Coherent white light in infrared band green laser pointer

Since Mayman invented the first laser pointer (ruby laser) in 1960, laser technology has achieved tremendous development and great achievements in the past 50 years, and has played an important role in many fields of human society. . The development of laser technology is changing rapidly, from the early gas laser (He-Ne laser), high power carbon dioxide laser, excimer laser, tunable dye laser, semiconductor laser, nanosecond and picosecond pulse laser, to the recent fiber laser and femtosecond Pulse lasers, more and more members of the laser family.

High Power Laser Pointer 30000mw 445nm

All aspects of performance (beam quality, mode morphology diversity, pulse width, peak power, average power, spatial coherence, temporal coherence, etc.) continue to improve. The application range of laser technology is also getting wider and wider, and has become an indispensable tool in scientific research, national defense, military, lighting, optical fiber communication, information sensing, storage and display, industrial production, biomedicine, environmental testing, etc. The earth is pushing these applications to a new level and level.

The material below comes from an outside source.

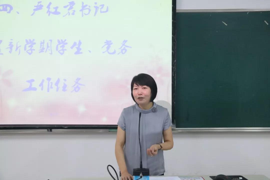 严红君书记就新学期学生、党务等工作任务进行了部署。严书记在肯定学院党委工作取得成绩的同时,强调要继续认真学习贯彻党的十九大精神及习近平总书记系列重要讲话精神,以更加严谨规范的态度抓好基层党组织建设,形成工作新常态。严书记指出学生工作要以学校中长期规划为指向,坚持“以生为本”、“立德树人”,形成全方位、全过程、全员育人的态势。严书记说,新学期学院还将积极拓展高质量的文体活动来丰富教职工的业余生活,充分体现学院对教职员工的人文关怀,汇聚人心,凝聚正能量,更好地促进学院的发展。

However, the existing laser technology has always had a shortcoming, that is, it can only emit light of a single wavelength or a narrow frequency band. How to expand the frequency of the laser to form an ultra-wideband, super-continuum, coherent white laser pointer covering the ultraviolet, visible and infrared bands is still a dream that has not been realized by mankind and is a scientific and technological problem worldwide. This is because the laser is composed of an optical resonator, a gain medium, and a pump source. The wavelength of the laser is determined by the energy level structure of the atoms, molecules or ions in the gain material. Due to the great limitations of the nature of the laser crystal material in the gain frequency range and gain bandwidth, the laser cannot produce lasers of any wavelength.

The nonlinear frequency conversion technology (frequency multiplication, sum frequency, difference frequency, parametric amplification, etc.) invented in 1961 can convert a fixed-wavelength laser output of a high-quality laser through a nonlinear crystal material to be difficult or fundamental. It is impossible to obtain the wavelength range directly. Therefore, the nonlinear frequency conversion technology is an important means to broaden the laser output wavelength, and the nonlinear crystal material is the basis of the technology. Non-linear frequency conversion requires phase matching. Under the condition of phase matching, the nonlinear process can obtain the maximum conversion efficiency. Birefringence matching and quasi-phase matching are two commonly used phase matching techniques and are suitable for different green laser pointer systems.

However, due to the dispersion effect of all current nonlinear crystals, the phase matching in the nonlinear process is usually not automatically satisfied. Under the birefringence matching and quasi-phase matching techniques, the frequency conversion range and bandwidth of nonlinear crystal materials still exist. Big limitations. In fact, the lasers produced by the existing laser systems are far from covering all wave bands, and there are no corresponding lasers at many important wavelengths. In addition, the bandwidth of the laser is also limited, the best titanium sapphire femtosecond laser can only cover the range of 300nm, and its center wavelength is 800nm. Since the invention of lasers and the birth of nonlinear optics 50 years ago, there is no plan to produce real white light lasers.